President of the National Assembly
- In office 2003–2015
- Preceded by: Said Ibrahim Badoul
- Succeeded by: Mohamed Ali Houmed

Personal details
- Born: 25 December 1945
- Died: 12 February 2015
- Political party: People's Rally for Progress

= Idriss Arnaoud Ali =

Djiboutian politician (1945–2015)

Idriss Arnaoud Ali (25 December 1945 - 12 February 2015) was a Djiboutian politician who was President of the National Assembly of Djibouti from 2003 to 2015. He was also the Secretary-General of the People's Rally for Progress (RPP) from 2003 to 2012.

==Career==
He was born in Ali Sabieh. Beginning in 1982, he held various important positions at Air Djibouti. On 1 April 1985, he became its Deputy Director-General. He then served as Interim Director-General from 25 April 1986 to 1 March 1990 and was Director-General from 1 March 1990 to 31 January 1991. He was subsequently Technical Adviser to the Minister of National Education from 1992 to 1997 and was elected to the National Assembly in the December 1997 parliamentary election as the fourth candidate on the joint candidate list of the ruling RPP and the Front for the Restoration of Unity and Democracy (FRUD) for the District of Djibouti. During the parliamentary term that followed, he served as President of the Permanent Commission of the National Assembly; he was also a member of the Defense Commission.

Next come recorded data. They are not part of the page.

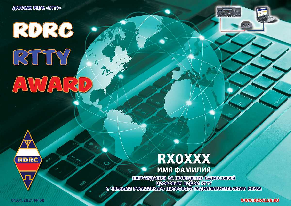 RDRC RTTY AWARD - один из 16 дипломов, входящих в серию за радиосвязи с членами Российского цифрового радиолюбительского клуба, используя цифровые виды CONTESTIA, DOMINO, FT8, HELL, JT65, JT9, MFSK, MT63, OLIVIA, PSK, ROS, RTTY, SSTV, T10, THOR, THROB. На каждый диплом засчитывается только одна радиосвязь с каждым членом клуба, использующим свой основной позывной, т.е. повторные радиосвязи и радиосвязи с EX и временными позывными не засчитываются. Наблюдателям дипломы выдаются на аналогичных условиях. Зачёт радиосвязей (наблюдений) на дипломы начинается с даты основания Российского цифрового радиолюбительского клуба 21 марта 2014 года.
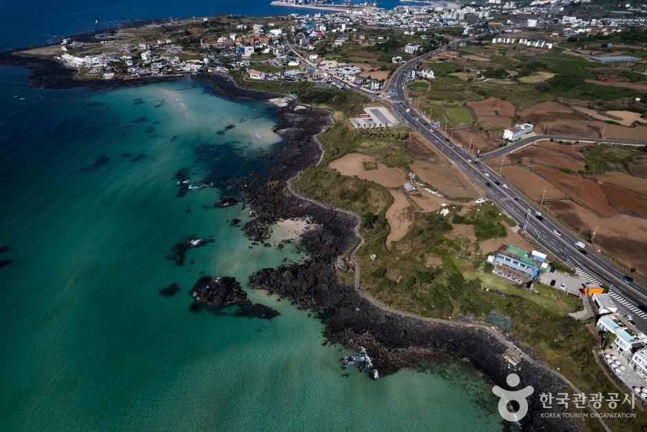 Crystal clear emerald waters and white sand beach with views of Biyangdo Island. One of Jeju's most beautiful beaches.
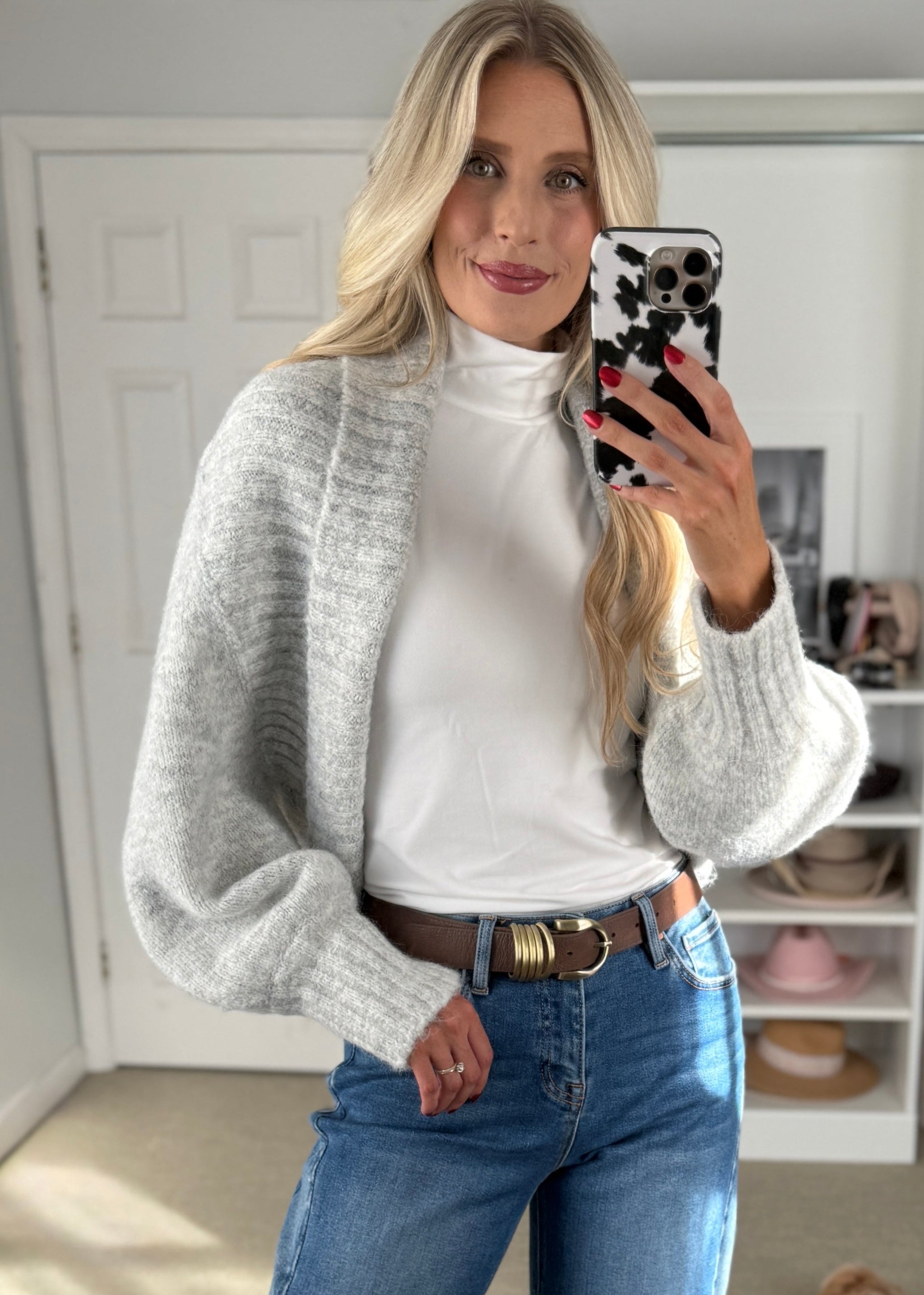 This stylish cropped chunky, open shrug is so fun and warm. The garment has a relaxed and draped design, gracefully covering the arms and shoulders,...
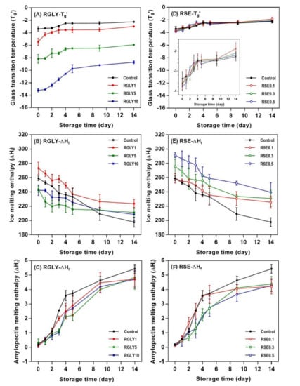 Changes in glass transition temperature (Tg’), ice melting enthalpy (ΔHi), and amylopectin melting enthalpy (ΔHr) of rice cakes with glycerol (A–C) and sucrose fatty acid ester (D–F) during retrogradation, respectively.
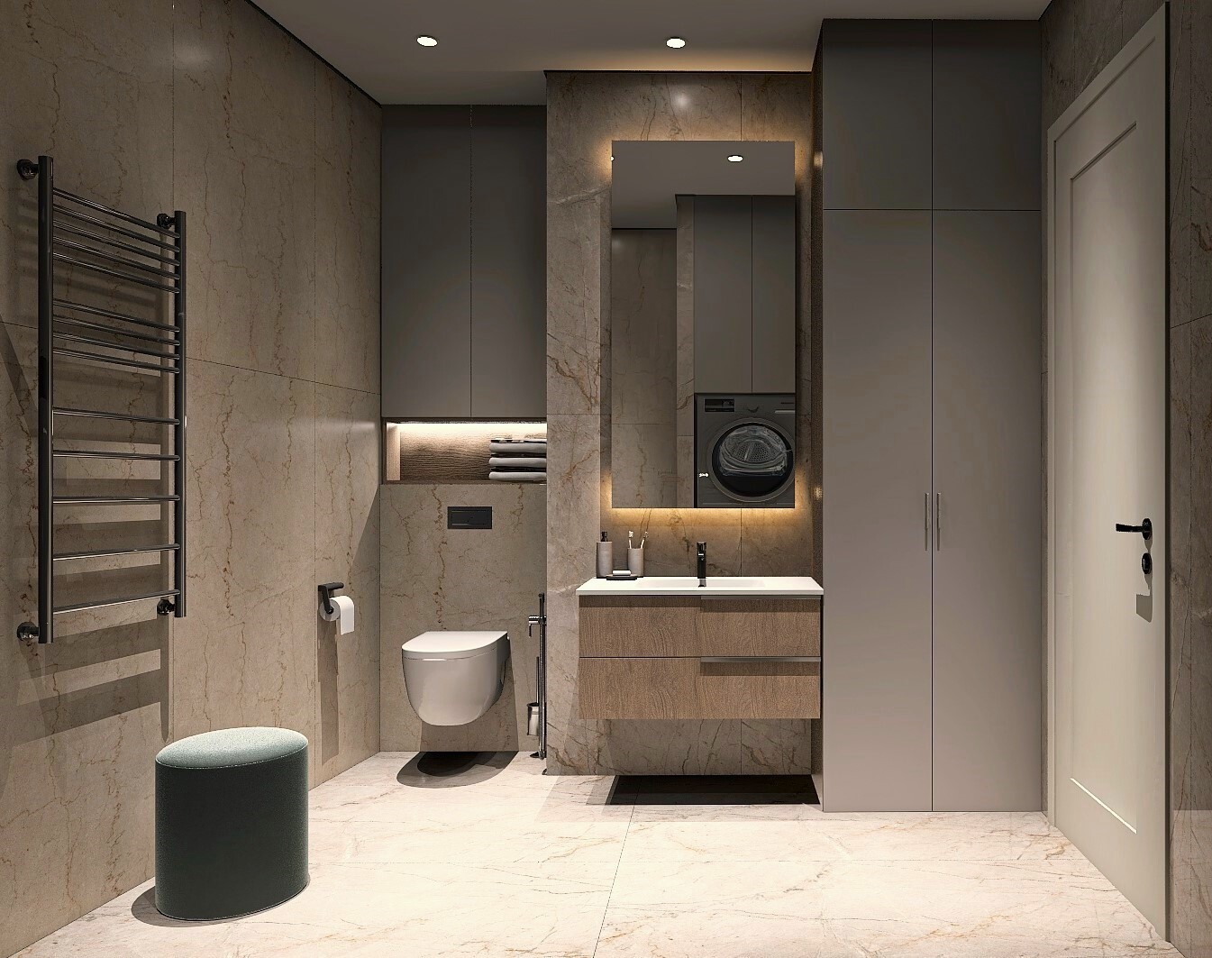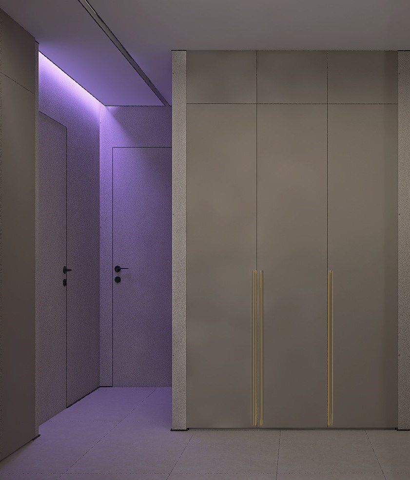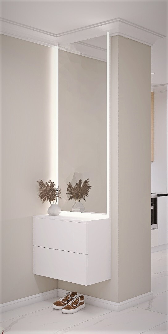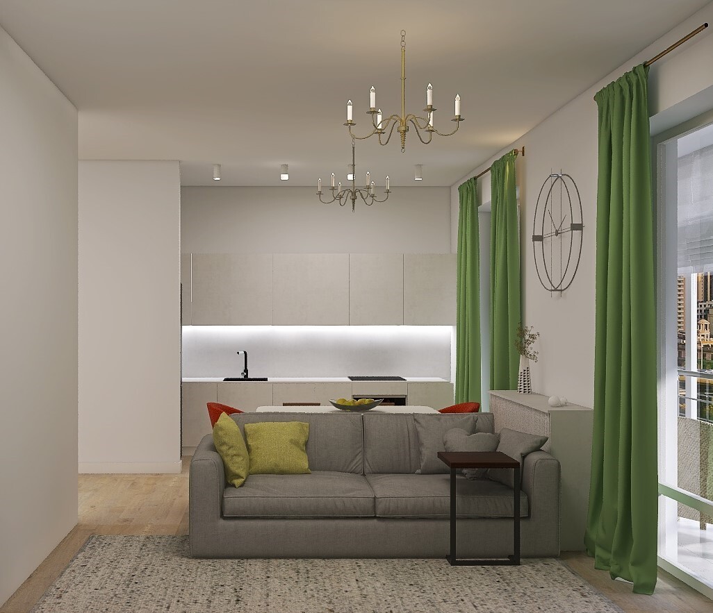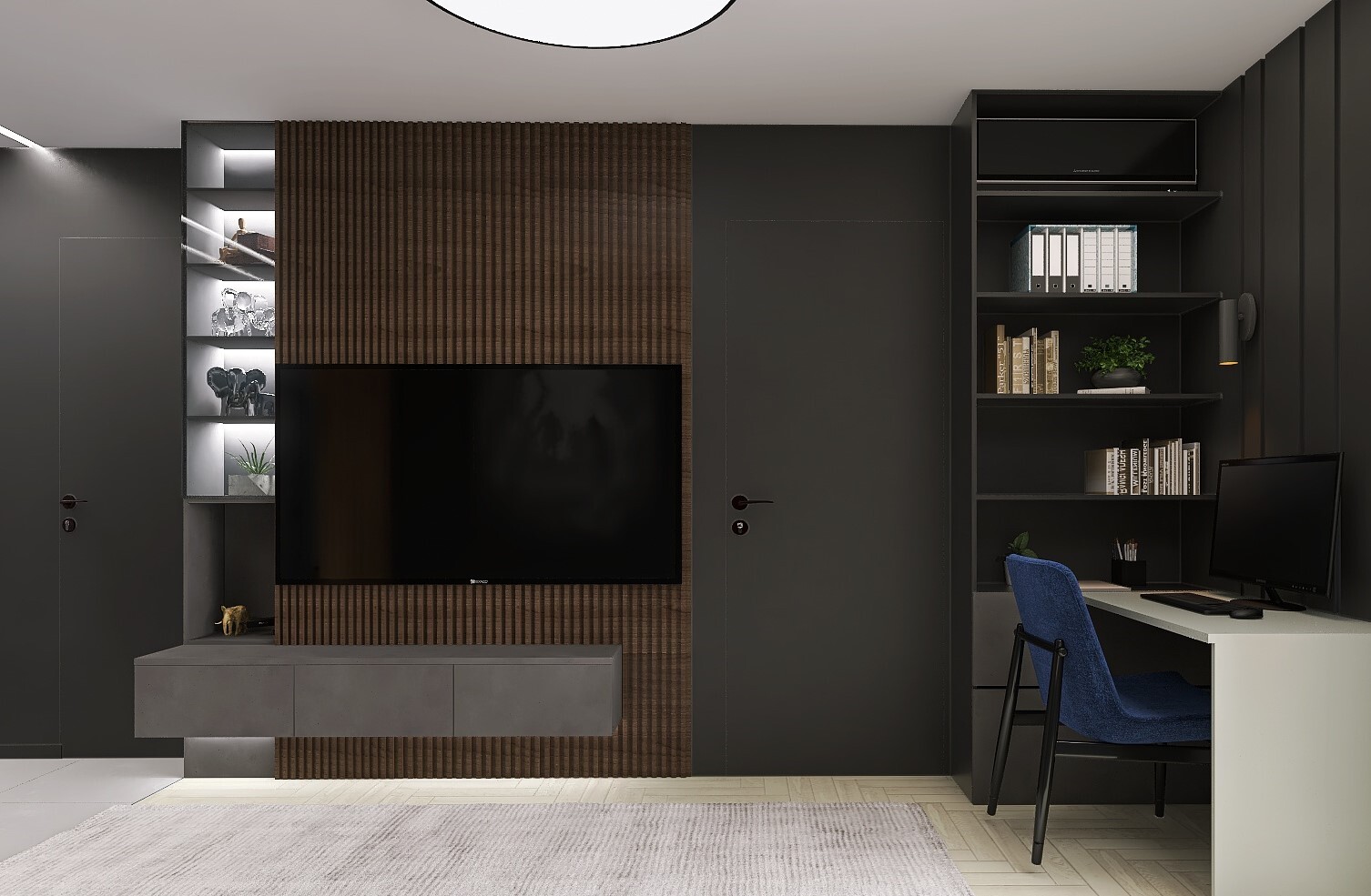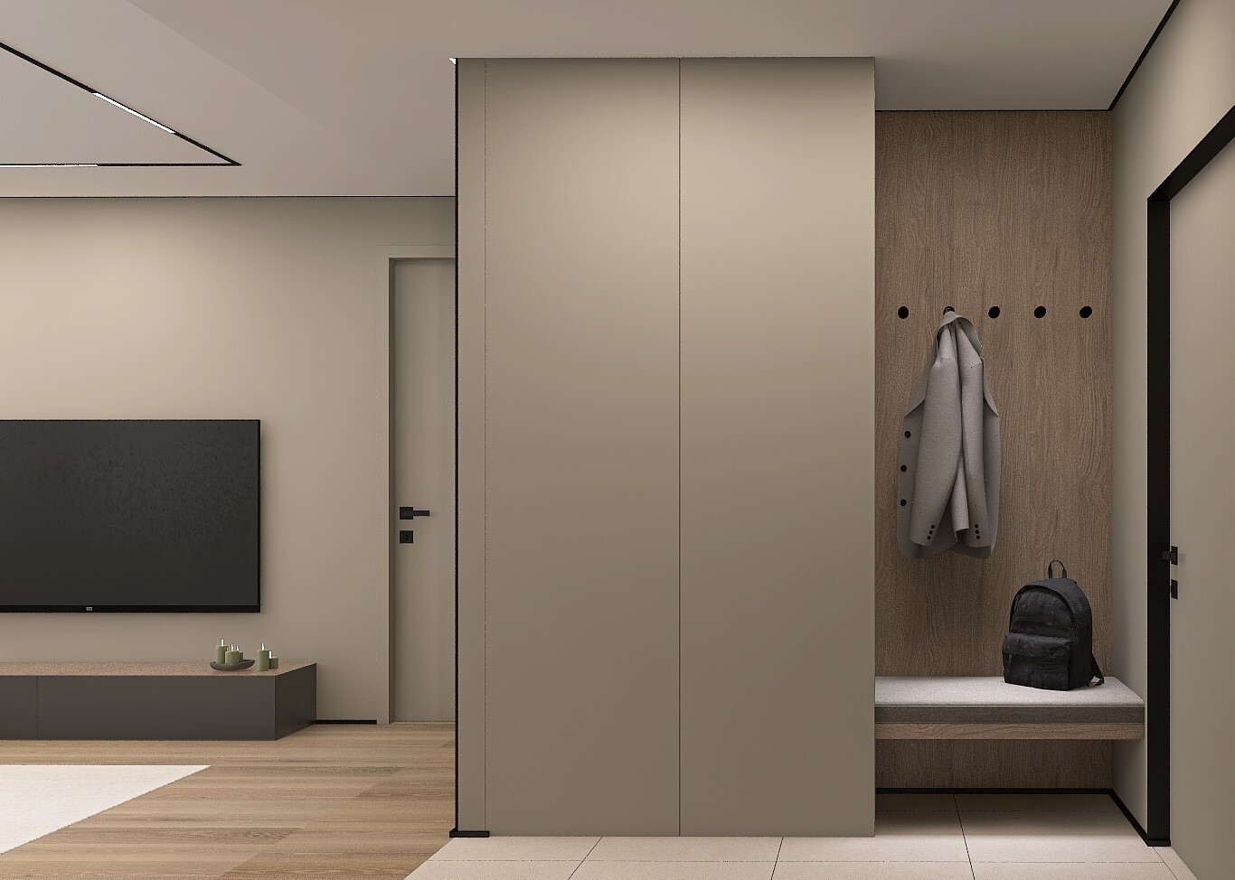 Заказчики мне сразу сказали, что нужно всё максимально строго, сдержанно, но элегантно. Холодные тона, но не с теплыми нотками. А еще приветствуется функциональность и практичность. И вот, что получилось на основе пожеланий. Проект уже реализован, новоселье отмечено.
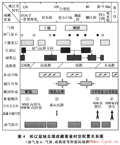 白堊紀末期青山口組和嫩江組的烴源巖正處于高成熟期,生排烴速率較高,加上嫩江組三、四段的黑帝廟油層的存在,都為淺部油氣成藏提供了有效的油源。
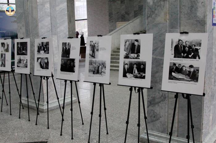 Собравшиеся ознакомились с книжной и фотовыставкой, посвященной жизни и творчеству корифея казахской журналистики Таумана Амандосова. В экспозиции представлены книги, написанные ученым в разные годы, рисунки и фотографии рассказывающие о жизненном пути, материалы и исследования.
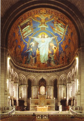 This white castle commissioned by the French government in 1873 symbolized confidence for the people and was finally finished around WWI. In 1922 Luc-Olivier Merson created an inside master piece which sits above the choir. Christ in Majesty is a mosaic display of Christ with a golden heart and outstretched arms. Christ is accompanied by none other than his mother, the Virgin Mary and yes, Joan of Arc!
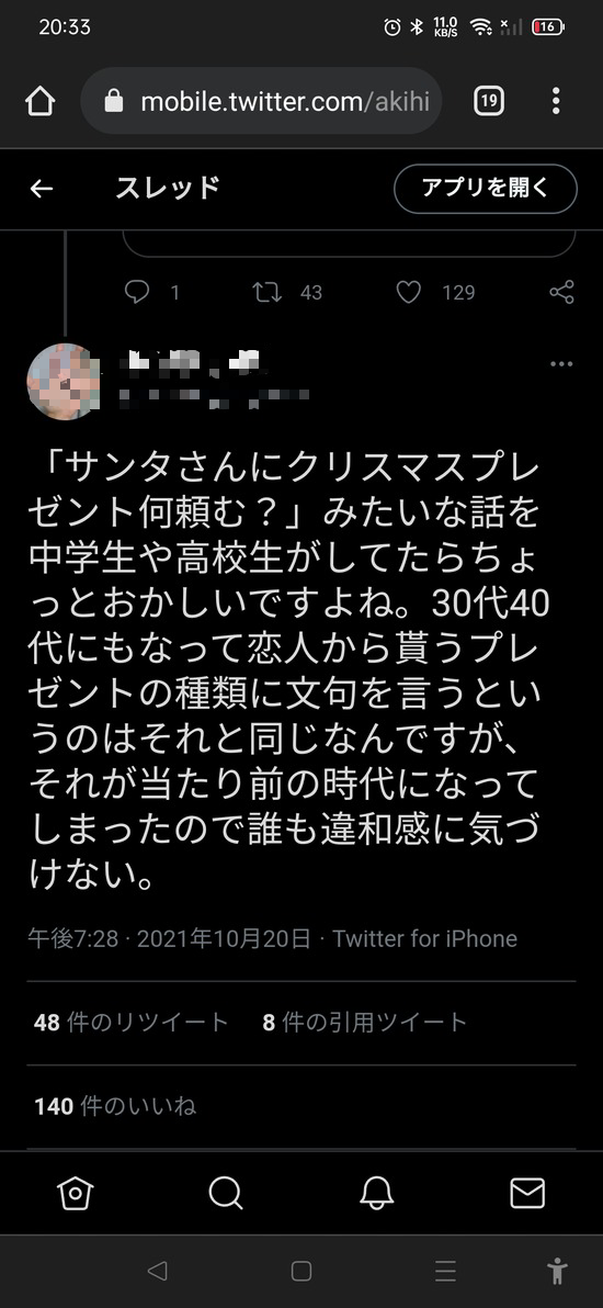 >>2 「サンタさんにクリスマスプレゼント何頼む?」みたいな話を中坊や高校生がしてたらちょっとおかしいですよね。30代40代にもなって恋人から貰うプレゼントの種類に文句を言うというのはそれと同じなんですが、それが当たり前の時代になってしまったので誰も違和感に気づけない。
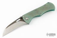 This Rostrum by John Gray features a satin finished Magnacut blade with thumbstuds and thumbhole. The handle has an anodized and bark finished titanium frame with a tip up stainless steel clip. Nice detent, lockup and blade seating. Excellent condition.
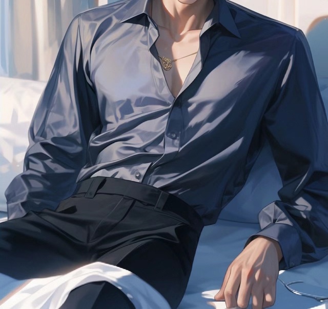 西装外套被脱下来随意的被披在沙发的靠背上,里面的内衬不是平常的白色衬衫,而是较为偏蓝色调的衬衫上两颗扣子被解开。
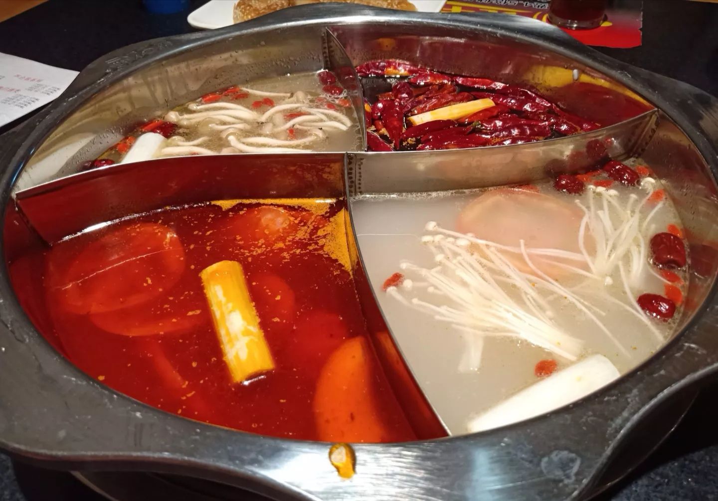 四格火锅真的很好吃,菌菇,番茄,大骨,麻辣,汤汁浓郁,下料十足四格火锅真的很好吃,菌菇,番茄,大骨,麻辣,汤汁浓郁,下料十足。羊肉卷很新鲜,下锅一点都不散,还有粉丝,小面,土豆都很不错,菜品都挺新鲜的,自助小料齐全,酒水饮料选择也挺多的。
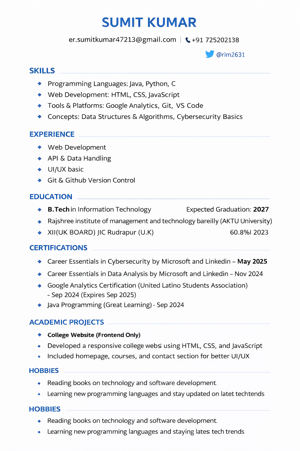I am Sumit Kumar, a frontend developer and B.Tech (IT) student (AKTU, 2027) crafting responsive products with clean UI, APIs, and automation workflows.
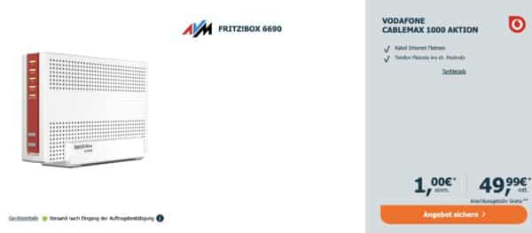 [Vorbei]Vodafone Cable Max (1000 Mbit/s) für dauerhaft 49,99€ mtl. + AVM FRITZ!Box 6690 + Fritz Repeater 2400 + 175€ Bonus

In the January 2003 parliamentary election, Ali was re-elected to the National Assembly as the fourth candidate on the candidate list of the ruling coalition, the Union for a Presidential Majority (UMP), in the District of Djibouti. Following this election, he was elected without opposition as President of the National Assembly on 21 January 2003, and he was also elected as Secretary-General of the Executive Bureau of the RPP on 3 July 2003. In the February 2008 parliamentary election, Ali was the second candidate on the UMP's candidate list for the District of Djibouti. He was re-elected to a seat in the National Assembly, and he was then re-elected as President of the National Assembly on 20 February 2008. In the vote for President of the National Assembly, he received 61 votes against four for another RPP deputy, Mohamed Dileita.

Ali was replaced as RPP Secretary-General by Ilyas Moussa Dawaleh in September 2012, as part of an extensive shake-up of the RPP leadership. In the February 2013 parliamentary election, he was re-elected to the National Assembly. The National Assembly began meeting for its new parliamentary term on 18 March 2013, and Ali was re-elected as President of the National Assembly. He was the only candidate for the post and received the votes of 54 of the 55 deputies present; 10 opposition deputies were not present.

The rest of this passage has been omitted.